House debates

Thursday, 15 May 2008

Telecommunications Legislation Amendment (National Broadband Network) Bill 2008

Consideration in Detail

12:29 pm

Photo of Paul NevillePaul Neville (Hinkler, National Party) Share this | Hansard source

This is an outrageous circumstance that we are faced with today. This is one of the most important bills in this parliament—I am sure I speak for all my colleagues on this side of the House—for all Australians, especially those from country areas. Is it not bad enough that we have had the communication funds cancelled? We had a $4.7 billion scheme which could, at least in part if not in totality, be delivered by the private sector and which is now going to be provided by the government in the very areas where it could look after itself. And worse than that, out in regional Australia we are told that this new fibre-to-the-node system will probably not get to us until 2012-13. That is simply not good enough.

Let me mention the circumstances in my own electorate, which are very similar to those in Wide Bay and Greenway. Nearly all our electorates were covered by the OPEL signal. One small corner of my electorate was not covered. In addition, we had three very extensive areas of ADSL2+. Now we are cancelling that and I find that in my electorate at places like Kalkie, Avoca, Branyan, Urangan and Bagara there are no ports available. Telstra has admitted these things: ‘There are not enough ADSL ports in these suburbs. There will not be any upgrades in the foreseeable future. Their best option is to take up wireless.’ Hey! Have Telstra missed something? Has Senator Conroy missed something? The very thing that the government’s scheme was supposed to obviate is now being offered by Telstra. Telstra is offering wireless, the very same wireless that the minister in the Senate and the minister at the table, the Minister for Infrastructure, Transport, Regional Development and Local Government, are saying had to be cancelled.

In the short time available, I cannot canvass all these issues, but to me it seems suspiciously as though the government has, either wittingly or deliberately, re-monopolised Telstra. This is the re-monpolisation by Telstra of communications. So I suspect the very thing that the government cancelled will, if we want to get coverage before 2013, have to be delivered by wireless. That is exactly what the OPEL project offered. I am not saying that the OPEL project was faultless. It could have gone a lot further west. My friend the member for Maranoa was particularly concerned that, if you drew a line from about Charters Towers through Emerald, Dalby and Gunnedah to about Shepparton, anything west of that was problematic, and I certainly did not approve of that.

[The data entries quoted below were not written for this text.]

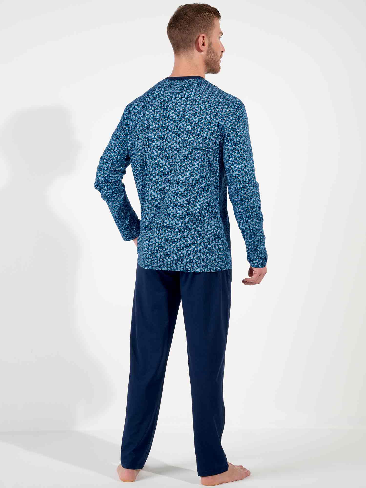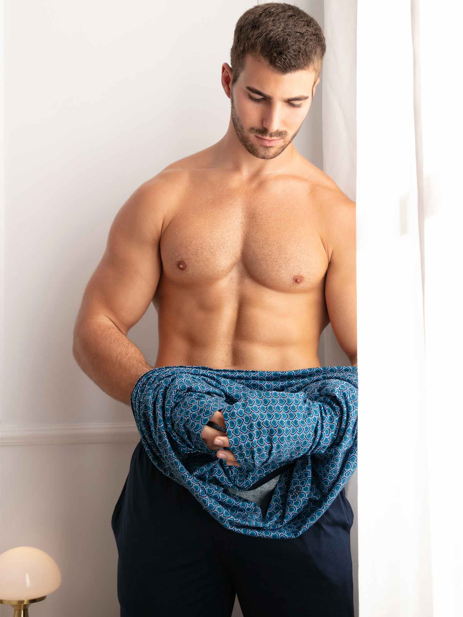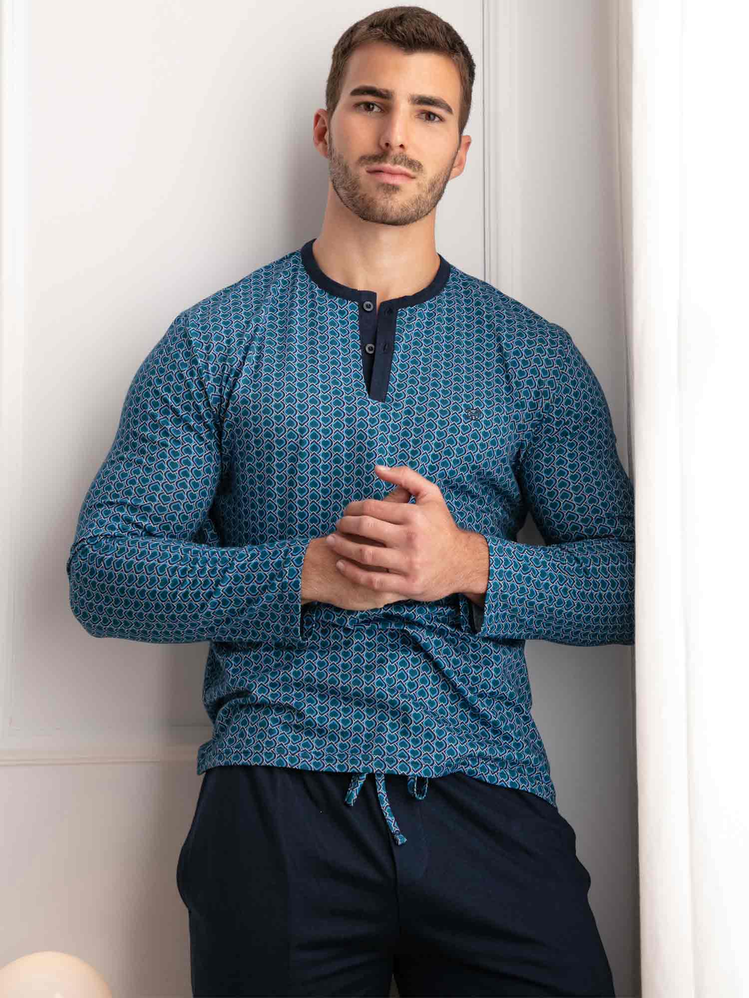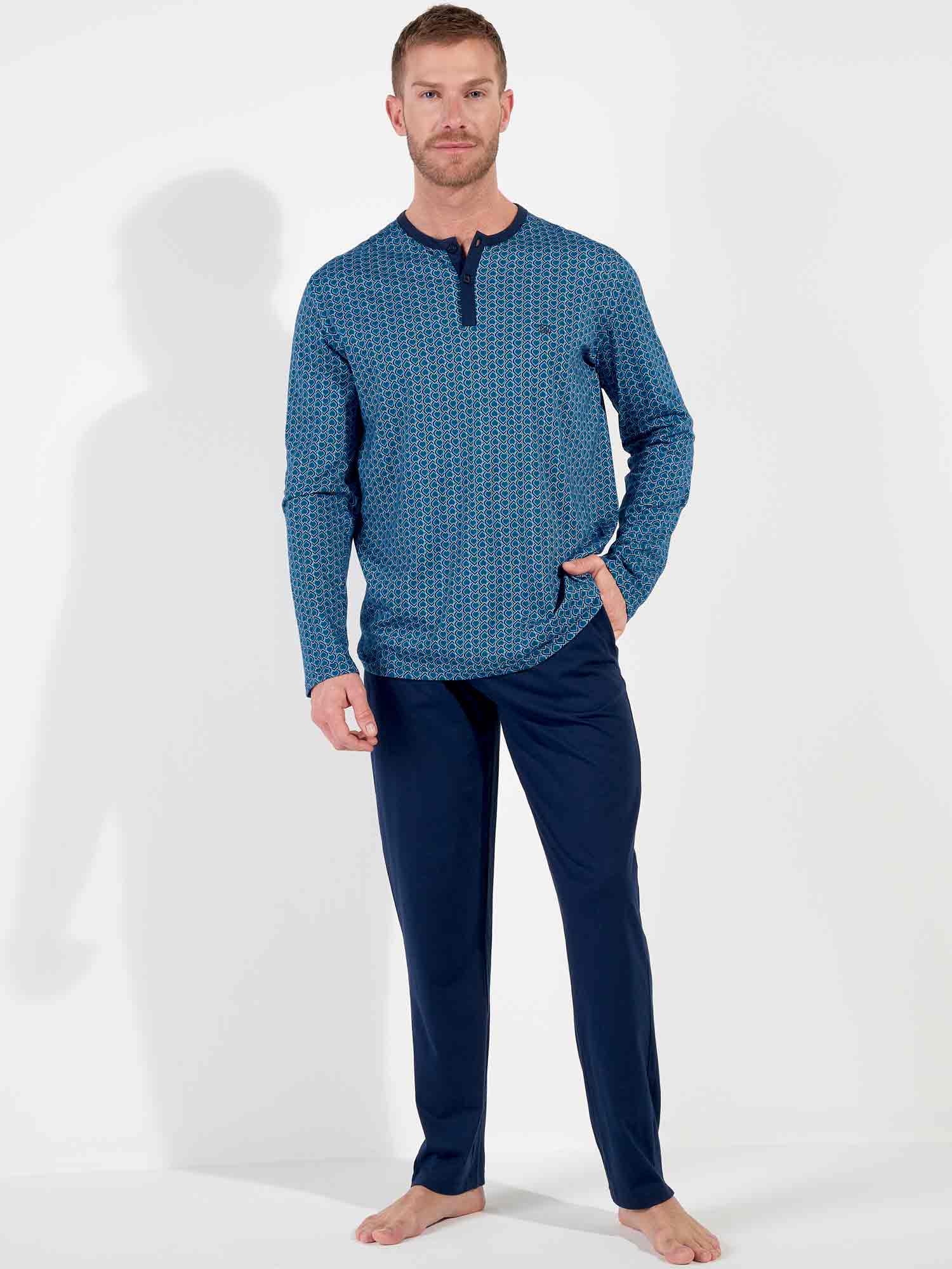 Le pyjama long Martinez de HOM rend hommage aux lignes élégantes de la période Art déco. Le motif graphique en écailles bleues et turquoise, inspiré des ornements égyptiens, apporte une touche à la fois sophistiquée et originale. Le col tunisien et la patte de boutonnage contrastée renforcent son élégance. Confectionné en coton 100 %, il est doux au toucher et garantit un confort optimal. Parfait pour des soirées paisibles et des nuits de détente.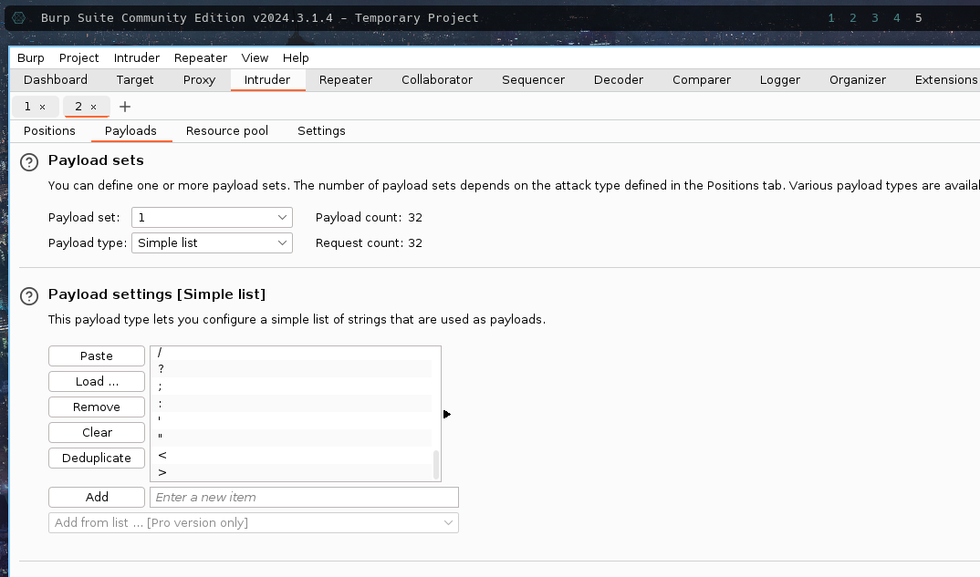 Added a payload with the value of the query parameter to check if its behaviour changes with special characters.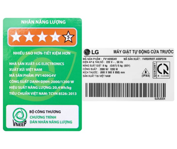 - Chiếc máy giặt LG FV1409G4V được tích hợp giặt sấy 2 trong 1 khi đạt khối lượng giặt 9 kg và khối lượng sấy đến 5 kg, phù hợp cho những hộ gia đình từ 3 - 5 người hoặc gia đình ít thành viên hơn nhưng lại có nhu cầu vừa giặt hay sấy với số lượng quần áo nhiều trong mỗi lần giặt giũ, nhất là tiết kiệm thời gian làm khô quần áo trong những ngày trời mưa ẩm ướt.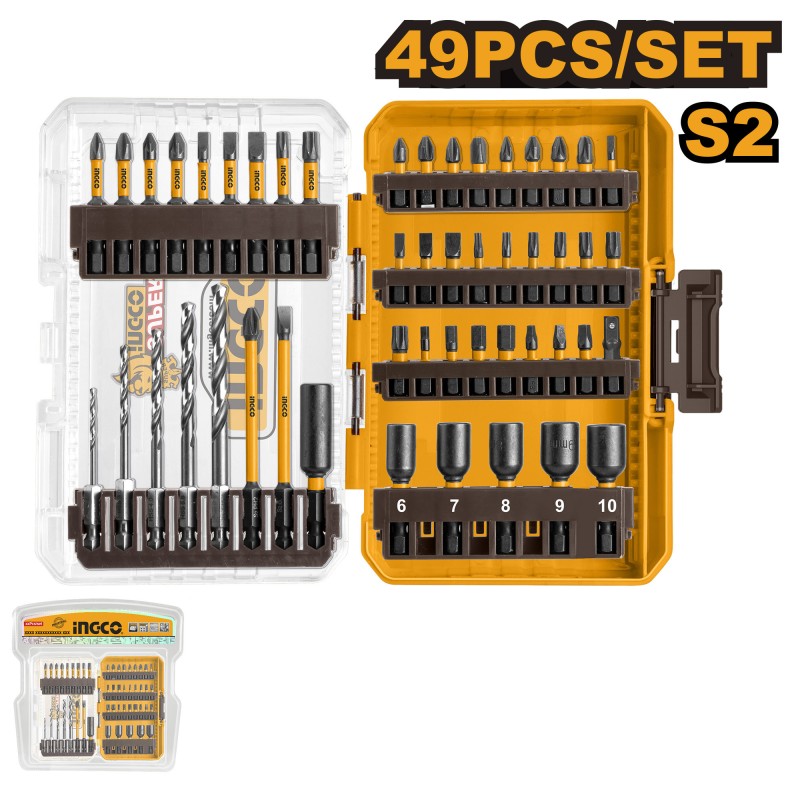 COFFRET MIXTE 49 PIECES EMBOUTS & FORETS HSS METAL - INGCO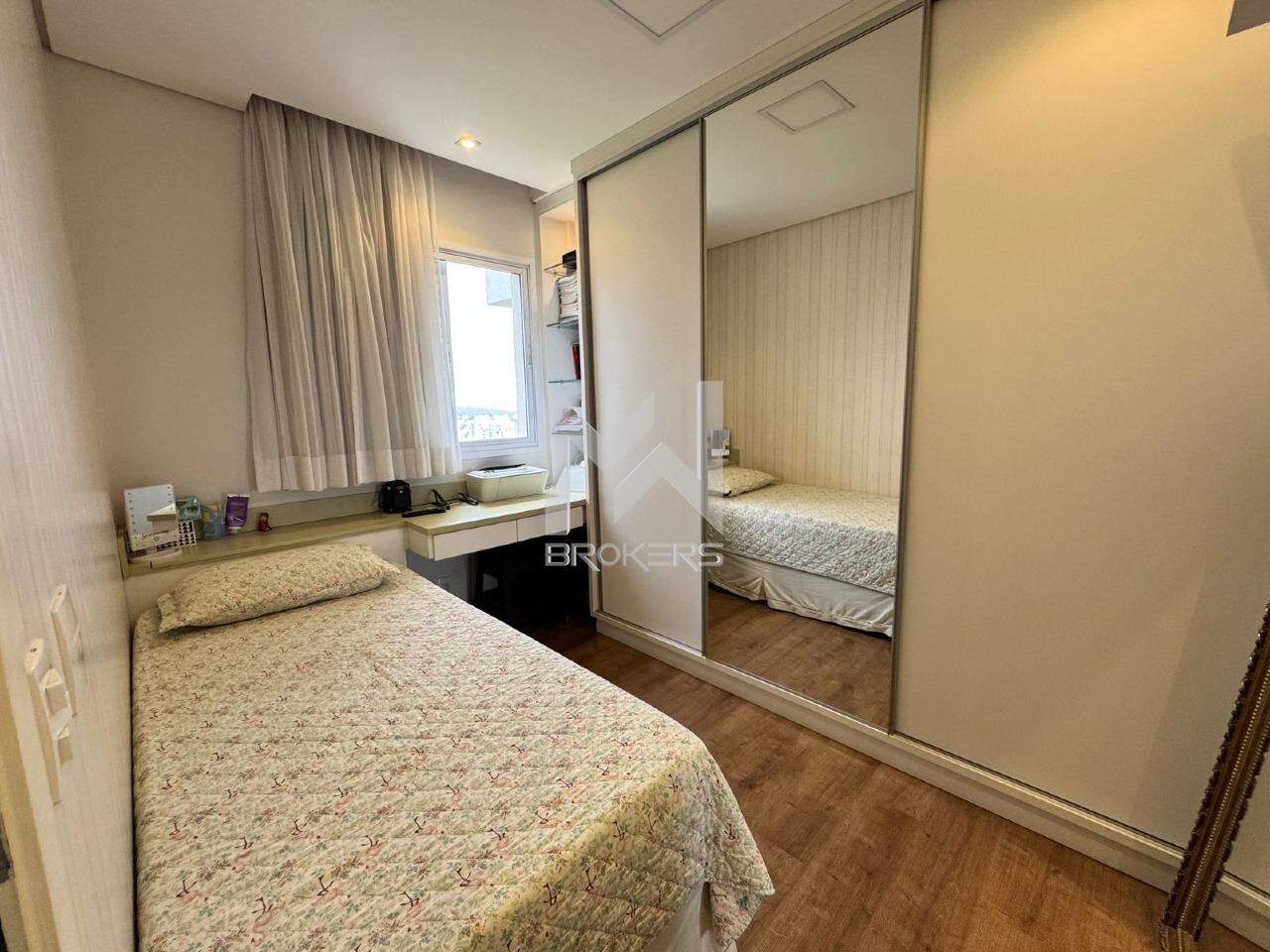 O apartamento originalmente contava com 3 dormitórios, porém um dos quartos foi integrado ao ambiente social, ampliando o living, a sala de jantar e a sala de estar, trazendo mais amplitude, conforto e funcionalidade ao espaço. O imóvel apresenta acabamento moderno, com piso laminado na área íntima e porcelanato nos demais ambientes.

For the people of my electorate, this was a great solution—also for the people of Greenway and Wide Bay. Now we will have those same people waiting up to five years to get broadband. In the areas I am talking about—Hervey Bay, Maryborough, Noosa, Bundaberg, Western Sydney—we have universities and important industries which want high-speed ADSL. As part of our inquiry, we discovered that Telstra have quarantined some of these ports. I suspect the reason is so that they will not have to share them with their competitors. I say to the minister at the table that this ‘clear and transparent’ thing is anything but. I would also say that in the city of Hervey Bay—a rapidly expanding city—80 per cent of people will not be able to get high-speed ADSL because they will be reliant on pair gains and RIMs. This is a shambles. To reduce this important debate down to one speaker to the second reading and one during consideration in detail is outrageous.